Conheci a Michi num bar no oeste da cidade. Ela chegou, cabelos curtos e loiros, jeito de nova-iorquina, também recém-chegada à Berlim. Eu ainda estava sem saber direito os meus lugares, me perdia quase toda vez que saía de casa, e andava com uma angústia sem saber se afinal vir pra cá tinha sido a decisão certa.
Dizem que é difícil fazer amigos depois de adulto, mas vai ver , eu tenho sorte.
A Michi tem olhinhos claros muito vivos, e ela parece aquelas meninas que a gente vê nas ilustrações dos contos de Grimm. Às vezes ela derrapa um pouquinho no Português, deixa escapar um sotaque que mostra que ela saiu do Brasil faz muito tempo. E a Michi é cool. Se eu já conheci alguma cool girl na minha vida, ela foi a Michi.

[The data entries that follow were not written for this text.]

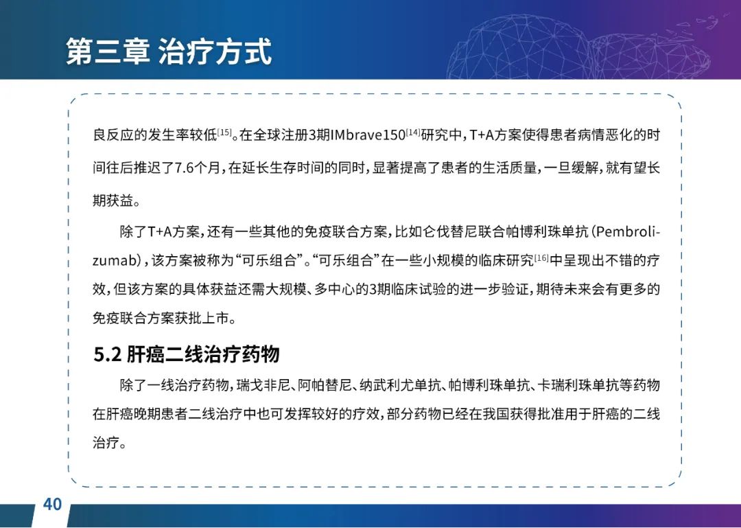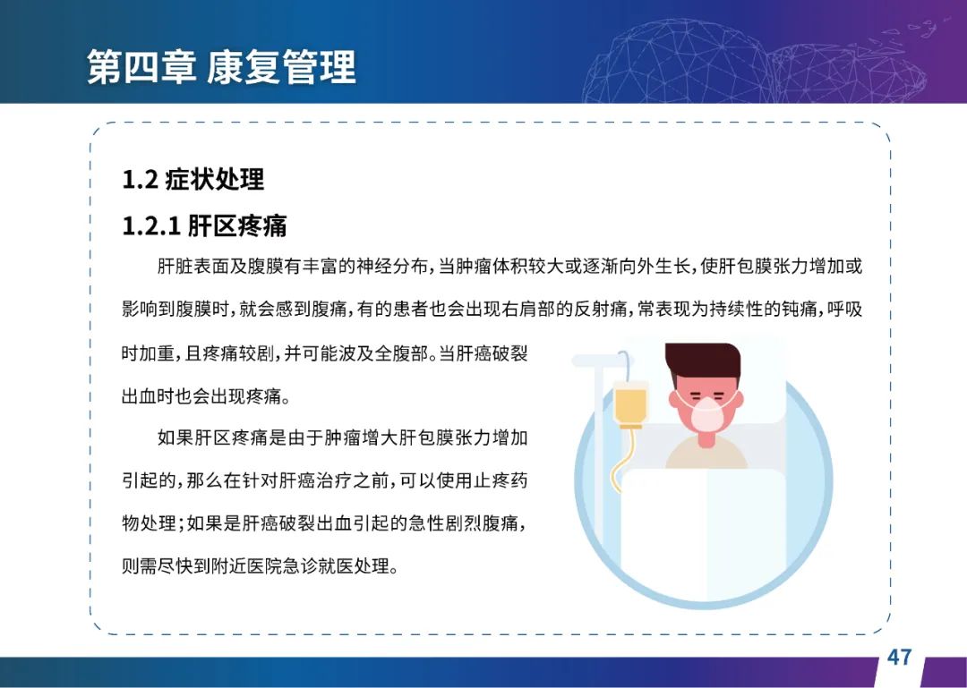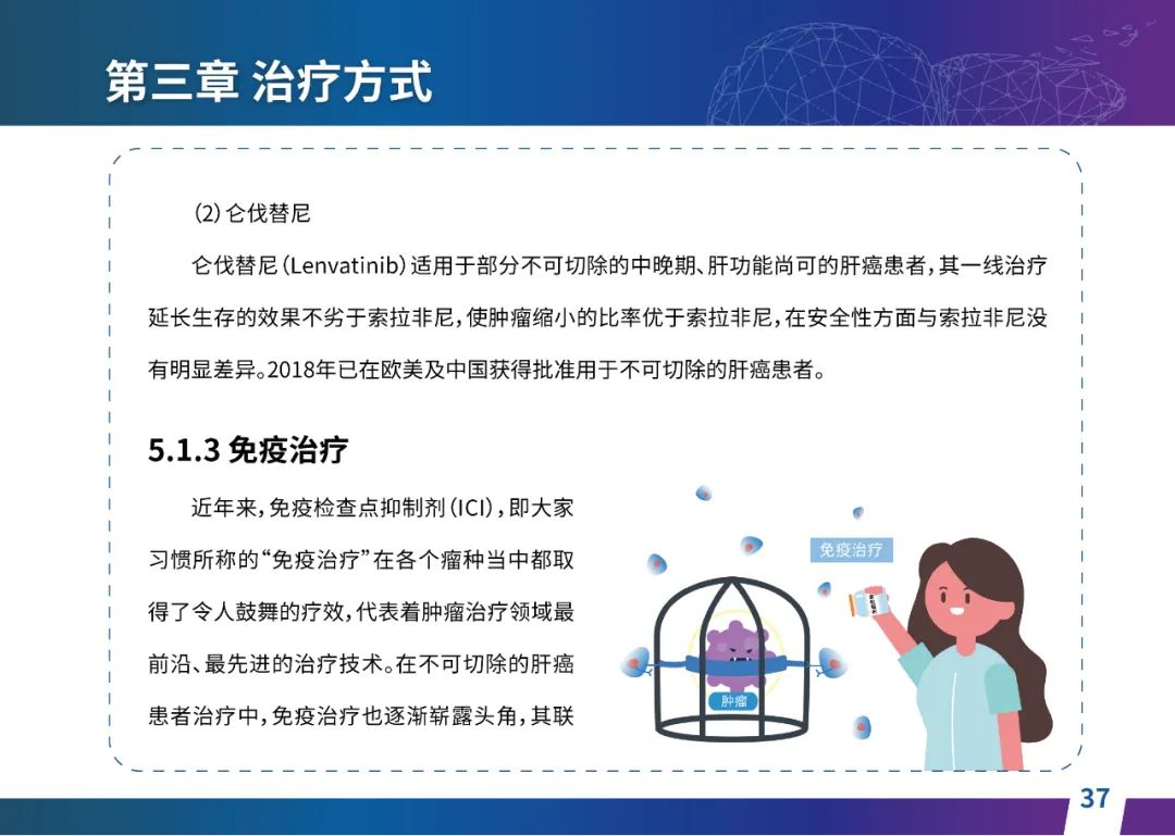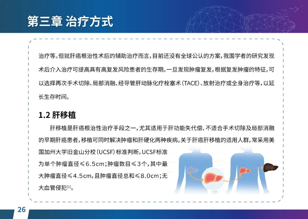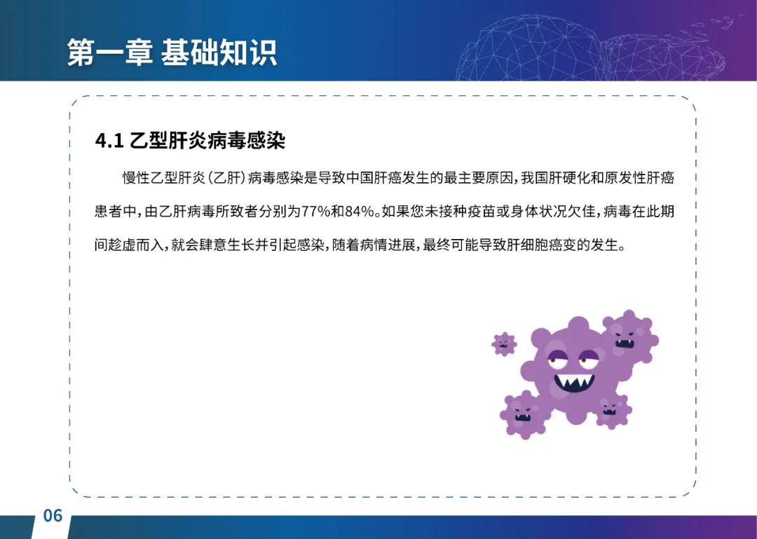 关于肝癌筛查手段,指南也提出了建议:肿瘤标志物血清甲胎蛋白(AFP)、异常凝血酶原(PIVKA-II)和肝脏超声检查是早期筛查的主要手段。对于肝脏超声和血清AFP筛查异常者,动态增强CT和多模态MRI扫描是明确诊断的首选影像学检查方法。建议高危人群每半年至少行一次血液AFP、异常凝血酶原(PIVKA-II)化验检查及肝脏B超检查,如果出现症状再去检查那么大部分患者都是中晚期。值得注意的是,基于ctDNA的液体活检肝癌早筛技术也被纳入指南建议:“ctDNA(循环肿瘤DNA)是由肿瘤释放至外周血的DNA片段,能够反映肿瘤的基因组信息,可用于早期诊断、监测疾病进展、评估治疗效果以及判断患者预后等。近年来,基于ctDNA的液体活检在肝癌早筛中展现出重要价值。突变和甲基化的共同检测及其与蛋白生化等传统标志物的联合应用,可以获得更好的筛查效果。有报道称,ctDNA用于肝癌早期筛查的灵敏度和特异度均优于血清AFP。同时检测多个指标的新型液体活检产品,已经在肝癌的早期筛查中显示出较好的应用场景。”《健康中国2030纲要》提出“推动基层肿瘤防治科普,提升癌症五年生存率,开展全民肿瘤防治科普宣传,建立健康生活方式,远离癌症高危因素;推动基层癌症早诊早治的科普宣传和技术突破”,撰写患者指南有助于指导国家癌症防控目标的落地,开展肿瘤防治科普宣传有利于全民健康。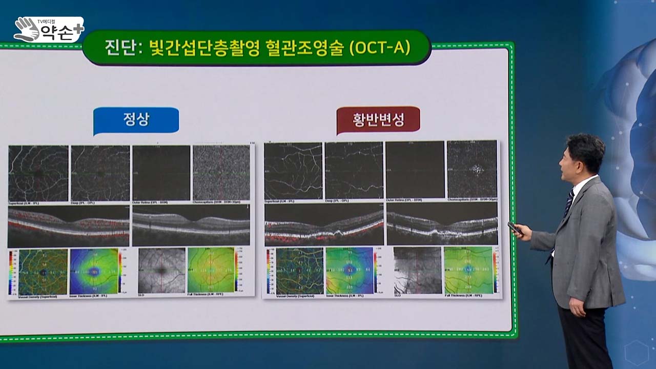 그다음에는 이런 OCT에다가 혈관 안저 촬영 대신에 우리가 혈관 조영술을 사용하지 않고 안저 혈관 조형을 할 수 있는 방법이 또 개발됐는데, 이것을 OCT-A라고 이야기하게 되고요. 우리가 조영술 없이도 망막 내에, 망막 밑에 나쁜 혈관이 있는 모습들을 보여줄 수 있는 좋은 진단 기구라고 보시면 되겠습니다.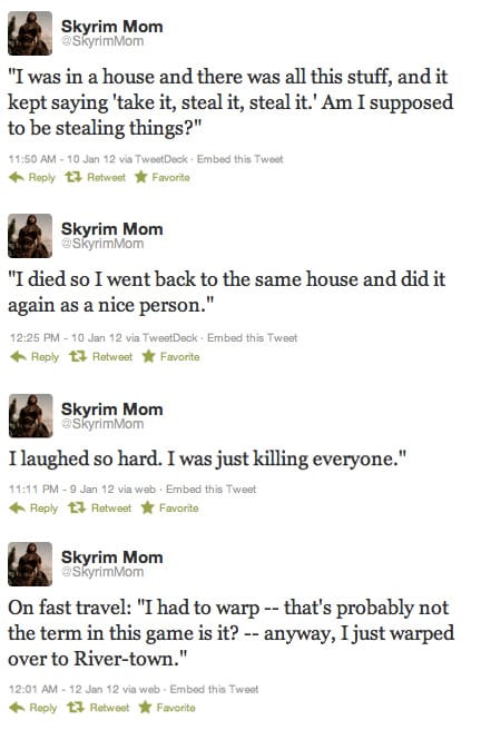 Simple: get your mom to play Skyrim and record the things she says. Bethesda’s community manager Nick Breckon did just that and the results are amazing.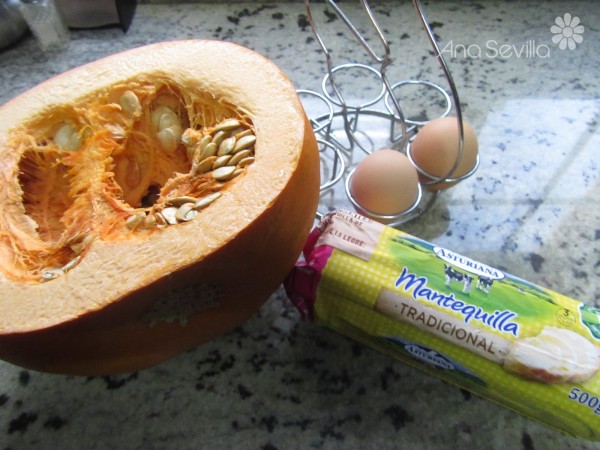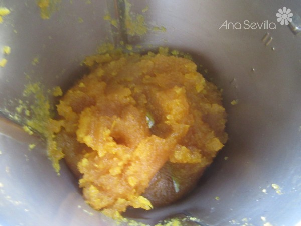 1- Quitar la piel y pepitas y trocear la calabaza en trozos y rallarla.
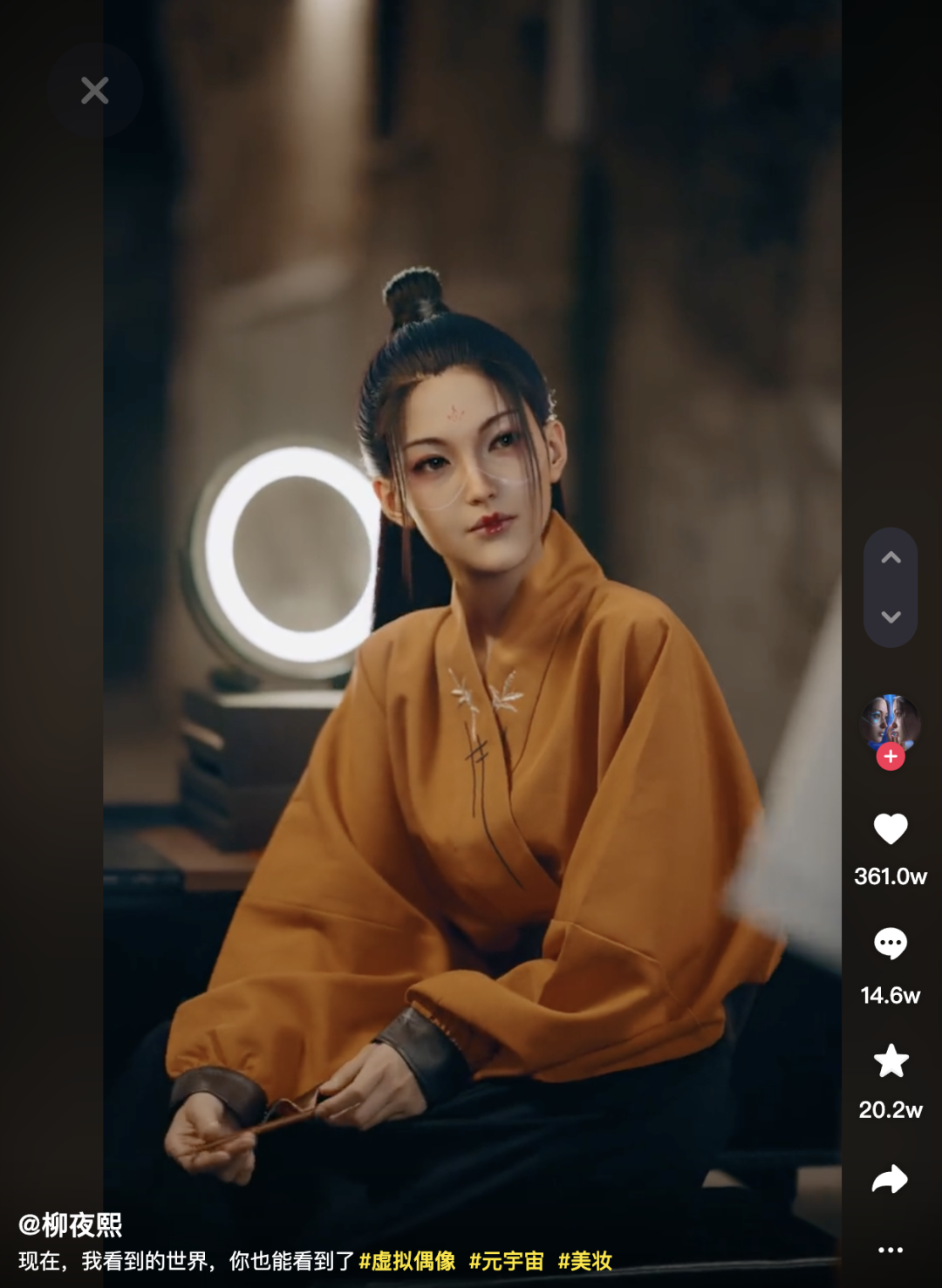 柳夜熙的爆火,离不开抓住时下元宇宙概念爆火的时机,另一边,也归因于柳夜熙综合了元宇宙、虚拟偶像、美妆和影视于一体的帐号输出。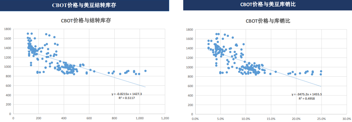 通過對近10年USDA每個月公布的的結轉庫存和庫銷比的值,和該月的CBOT指數價格進行回歸,我們得出散點圖如下面兩圖所示。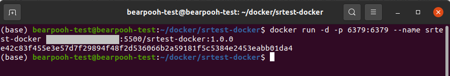$ docker run -d -p 6379:6379 --name srtest-docker \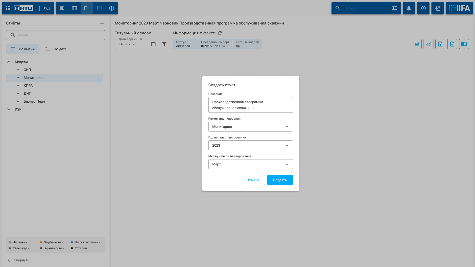 В системе предусмотрена возможность выбора версии модели Мониторинга. Для дальнейшей работы по Мониторингу, пользователь выбирает версию модели Мониторинга, после чего на экране отображается окно сравнения планов инвестиционных проектов. В системе предусмотрена возможность выбора плана, с которым нужно сравнить утвержденную версию ИП.
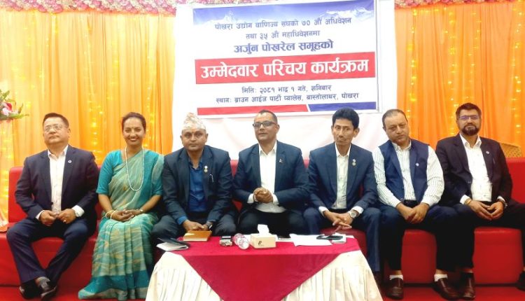 अध्यक्षका उम्मेदवार पोखरेलले संघको गरिमा कमजोर हुँदै गएकाले संस्थाको प्रभावकारीता वृद्धि गर्नका लागि आफू पुनः उम्मेदवार बनेर मैदानमा उत्रिएको बताउनुभयो। “पोखरा उद्योग वाणिज्य संघको साख जोगाउन म चिन्तित छु । त्यसैले यही मनसायले फेरी नेतृत्वका लागि निर्वाचमा होमिएको छु । ” पोखरेलले भन्नुभयो । अध्यक्षका प्रत्याशी पोखरेलले अघिल्लो पटकको निर्वाचनमा खेप्नुपरेको पराजयले पाठ सिकाएको बताउनुभयो ।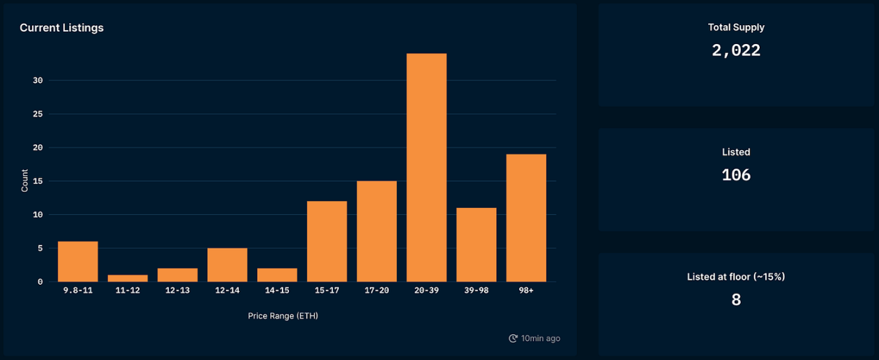 Examining the trading and holding pattern helps us to understand whether DigiDaigaku has a sustainable market demand. In this analysis, we will look at wash trading patterns, NFT listing, wallet age distribution and current holding cost.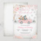 Celebrate your little ones special day with this charming Winter Onederland birthday invitation. Featuring a pink vintage truck carrying woodland animals, balloons, and delicate snowflakes, this design perfectly blends whimsical charm with a festive winter theme. Elegant fonts in soft pink and grey add a touch of sophistication, making it ideal for a girls first birthday party. Personalise with your event details and delight guests with a magical winter celebration theyll never forget.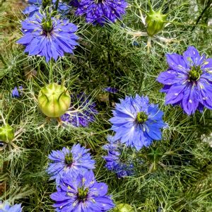 ご近所さんでニゲラが見頃になっていました💙 白いツボミから咲き始めは薄いブルー だんだんと咲き進むにつれてパープルへと色の変化が素敵です💜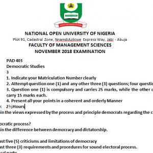 Showing the single result Default sortingSort by popularitySort by average ratingSort by latestSort by price: low to highSort by price: high to low Sale! PAD403 – Democratic Studies Pop Past Questions (NOUN) ₦600.00 Original price was: ₦600.00.₦300.00Current price is: ₦300.00. Add to cart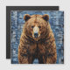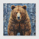 Vibrant artwork depicting a bear with a rich, textured fur coat, set against a patchwork background featuring blue and grey tones. The bear stands imposing and lifelike, capturing attention with its realistic features.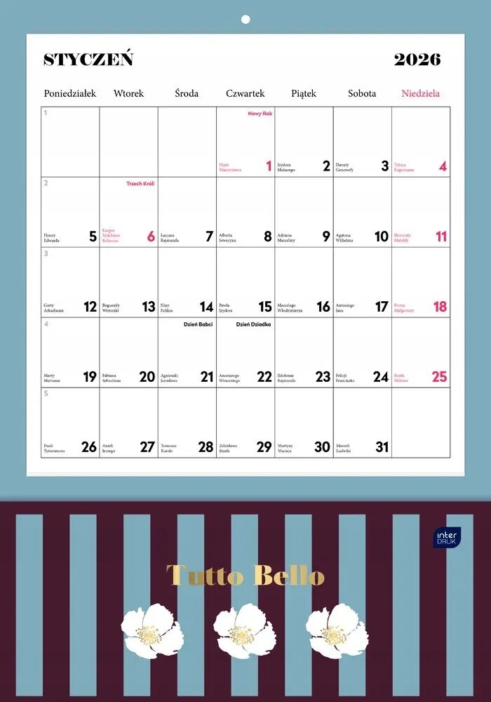 Kalendarz ścienny z kieszonką 2026 28x40 cm Tutto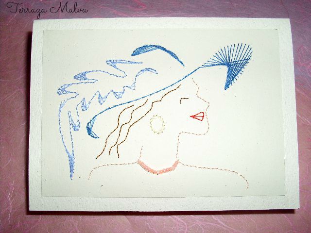 Esta tarjeta está bordada con hilo de algodón. Como detalle he añadido una serie de abalorios colgados del cuello en hilera que parecen el collar de la dama en cuestión.

Mas, mais do que qualquer outra coisa, a Michi é destemida. Parece que ela nunca tem medo de nada. Pode ser pular de paraquedas, pode ser ir sozinha para uma ilha no Irã, pode ser se desmontar pra montar de novo. Ela vai. Vai com tudo, mas também com leveza, uma curiosidade insaciável, uma vontade infinita do novo.
Costumo brincar que ela tem as ideias e eu tenho o entusiasmo. Do lado dela eu me sinto mais corajosa. Do lado dela eu me sinto mais livre.
A Michi também é meu colo, meu abraço, meu alento. Nos momentos de mais dor, mais do que eu achei que poderia suportar, ela veio me carregar. Às vezes eu nem preciso falar nada, e ela já sabe, sabe que eu preciso de um cafuné, de um carinho, de um porre fenomenal daqueles que a gente gasta o salário no bar sem nem saber com o quê.
Michi vive dizendo que um dia vai embora – e eu sei que um dia ela vai mesmo. A gente é do mundo, e isso nunca vai mudar.
Mas quando ela for, espero que ela saiba que ela foi um dos maiores presentes que essa cidade podia me dar.